Saturday, January 11, 2025

Acting is reacting

I have appreciated the merits of Ayo Edebiri as a performer before, though it was largely in the context of the unique comedic sensibility she brought to movies like Bottoms. (I was going to say "Bottoms and [another movie title], but going back through her IMDB, I'm surprised at how few movies I've actually seen her in. I feel like she's been everywhere lately, and rightly so. To be fair, I have not yet watched any of The Bear.) 

Bernardo Britto's Omni Loop, yet another movie where characters experience the same events over and over again throughout the narrative, showed me definitively what she can do as a dramatic actress, even though it is not a traditional "dramatic" role. 

Of course, dramatic interpretations are possible in movies with heavy genre associations, like the time travel/time loop movie. What I really mean, though, is that her role supporting another good lead turn from Mary-Louise Parker could have been just a cypher who existed purely for plot function. Instead, Edebiri injects it with ten times more nuance than the part requires. Because she is such a good actress, that nuance doesn't call attention to itself. Nuance shouldn't, if accurately described as such.

I suppose there's something of an irony that Edebiri's work did call attention to itself in some way, in that I have chosen to write a post about her during an extremely busy time of my movie watching year, where the posts are stacking up on each other as they await their turn to be my one single post for the day.
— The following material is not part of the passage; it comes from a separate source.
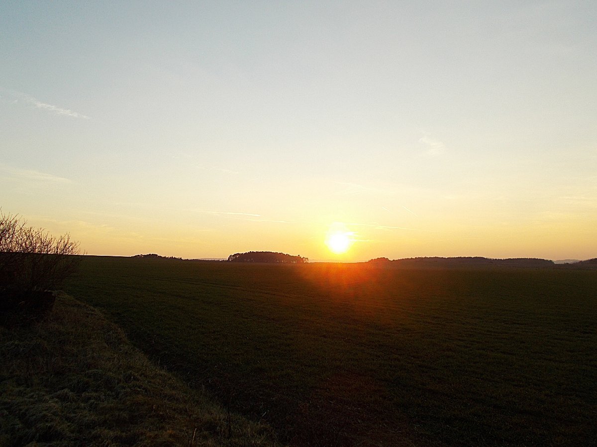 ...zapadající velké sluníčko, obloha pouze s řasovitou oblačností a kondezem z letadel, téměř bezvětří...

But we should take notice when a practitioner of the craft does it as well as Edebiri does here, the same way we should notice when a minor league baseball player gets a cup of coffee with the big league team at the end of the season and makes the most of his dozen at-bats. Of course, Edebiri is no minor leaguer -- or won't be for much longer if she ever was.
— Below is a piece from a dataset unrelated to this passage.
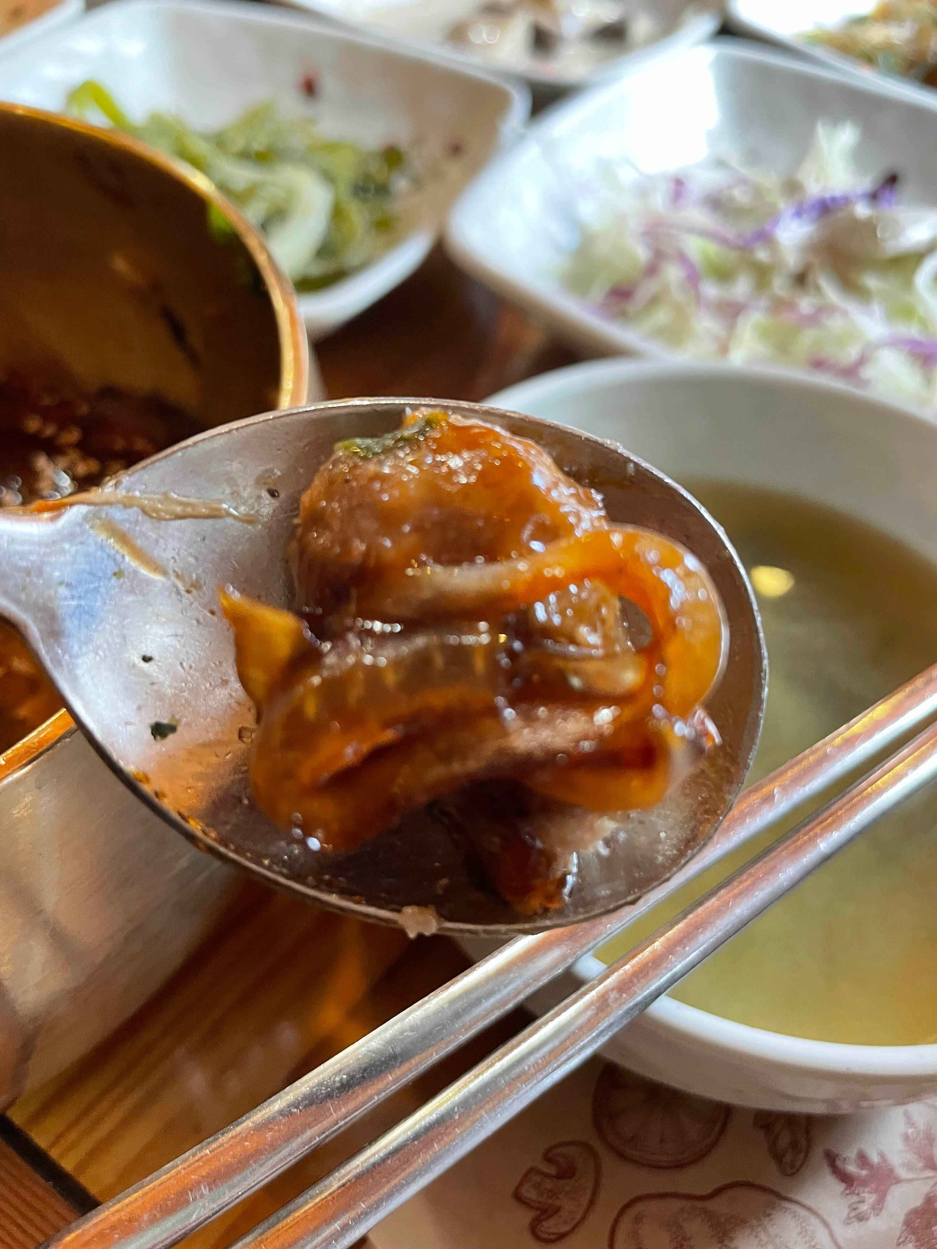 수제 떡갈비라고 하던 이 친구, 맛이 꽤나 좋았습니다. 간도 적절해서 밥이랑 같이 먹기에도 좋았고, 씹히는 것도 많아서 식감도 좋았어요. 떡갈비 양념에 같이 졸여진 이 양파! 이 친구의 존재감도 대단했습니다. 양파의 단맛이 간장의 짠맛과 어울어져서 단짠의 조화를 잘 유지하고 있었어요. 그래서 떡갈비의 식감에도 영향을 주면서 맛있게 먹을 수 있었습니다.

I started to notice the effectiveness of her technique during a scene that's probably more than halfway through the movie, where Parker's character gets a faraway look in her eyes after something Edebiri's character has said. The director prevents Parker's faraway look from resolving into dialogue for something on the order of five to ten seconds, and during that time, Edebiri changes the micro expressions on her face about a dozen times. Just through her eyes, her eyebrows and some slight scrunching of the facial muscles, Edebiri's Paula indicates multiple things simultaneously: 1) "What the hell is this look in your eyes?" 2) "I'm waiting to receive your next comment." 3) "This is weird, even for you." You'd have to see the scene to fully appreciate it, and I hope you do -- though I suspect you aren't likely to pick this out from the standard level of her technique in all the other scenes, which I was not specifically noticing before this one. 

You better bet I was noticing it from there. There's one moment when Paula gives more of her back story -- this has largely been the story of Parker's Zoya to this point -- and it's a long, unbroken take held on Edebiri's face. Because the things she's telling Zoya are so hard for her, involving admissions she's never made out loud and the dredging up of traumatizing childhood memories, Paula only gets going in fits and starts, her face squinting into little frowns as she has to push the words out of her mouth through sheer force of will. In even describing this the way I am, I probably make it sound like the mechanics of her performance are way too visible. Really, I just want to describe the best I can the instincts that come so easily and so naturally to this actress.

I see lots of good performances in lots of good movies, and Edebiri's is probably not so exceptional in that regard. The reason I'm writing about it is that good movies and good performances remind us of things we already knew but sometimes take for granted. Because of her function in the film, Edebiri's role as an actor is to play off the lead, and that requires a lot of reacting. And once I started noticing the choices Edebiri was making in her reactions, I couldn't take my eyes off her, even when she was not the focal point of the scene -- in fact, especially then.

Maybe it's time for me to finally watch The Bear.